Muller noted that U.S. comparable sales excluding gasoline were up 1.8% during the quarter. That included a 0.3% benefit from spending associated with Hurricane Dorian. Excluding the net impact from Hurricane Dorian this year and Hurricane Florence last year, comparable sales excluding gasoline were up approximately 2% in the third quarter.

“Comparable sales were strong in light of challenging prior year comparisons,” Muller said. “We were encouraged to see the two-year stacked comparable sales growth accelerated to 4.5% in the third quarter of 2019, adjusted for weather, versus 3.3% in the second quarter of 2019, adjusted for both the strike and calendar shift impacts. In addition, our online business in the U.S. grew by 26.3% at constant exchange
rates in the quarter, giving us confidence that we can achieve over 20% growth in U.S. online sales in 2019.”

Net sales for the company as a whole increased 2.9% at constant exchange rates, reaching 16.7 billion euros ($18.5 billion) for the quarter. Ahold Delhaize also reported net income of 453 million euros, down 1.6% compared to the prior year period. (The decline was 4.1% at constant exchange rates.)

Muller was upbeat about the company’s performance.

“We continue to make progress on the execution of our Leading Together strategy,” he said. “We are well underway with our Save for Our Customers program, which is now expected to deliver 600 million euros in 2019, higher than our previous target of 540 million euros.
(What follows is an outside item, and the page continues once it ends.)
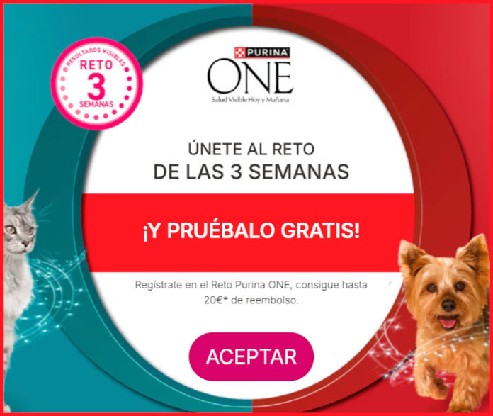 Únete al reto de 3 semanas de Purina ONE para poder conseguir un reembolso de hasta 20 €.

We achieved our goal of having more than 600 Click and Collect points in the U.S. by year-end, ahead of schedule, in October. Our fresh kitchen and culinary innovation center in Rhode Island, which will test new fresh own-brand food concepts and process fresh fruit and vegetables, is now ramping up. In the U.S. and Europe, we continue to innovate by testing various forms of frictionless payment.

“We remain focused on health and sustainability, in line with our purpose: ‘Eat well. Save time. Live better.’ We recently announced a global goal to reduce food waste by 50% by 2030 as part of the ’10x20x30′ initiative, which brings together 10 of the world’s largest food retailers to engage with 20 of their priority suppliers to halve food loss and waste by 2030.”

Looking ahead, the company expects earnings per share growth for the year to be in the low single digits, due to the effects of the strike in the second quarter. The company expects about 2 billion euros in capital expenditures for the year.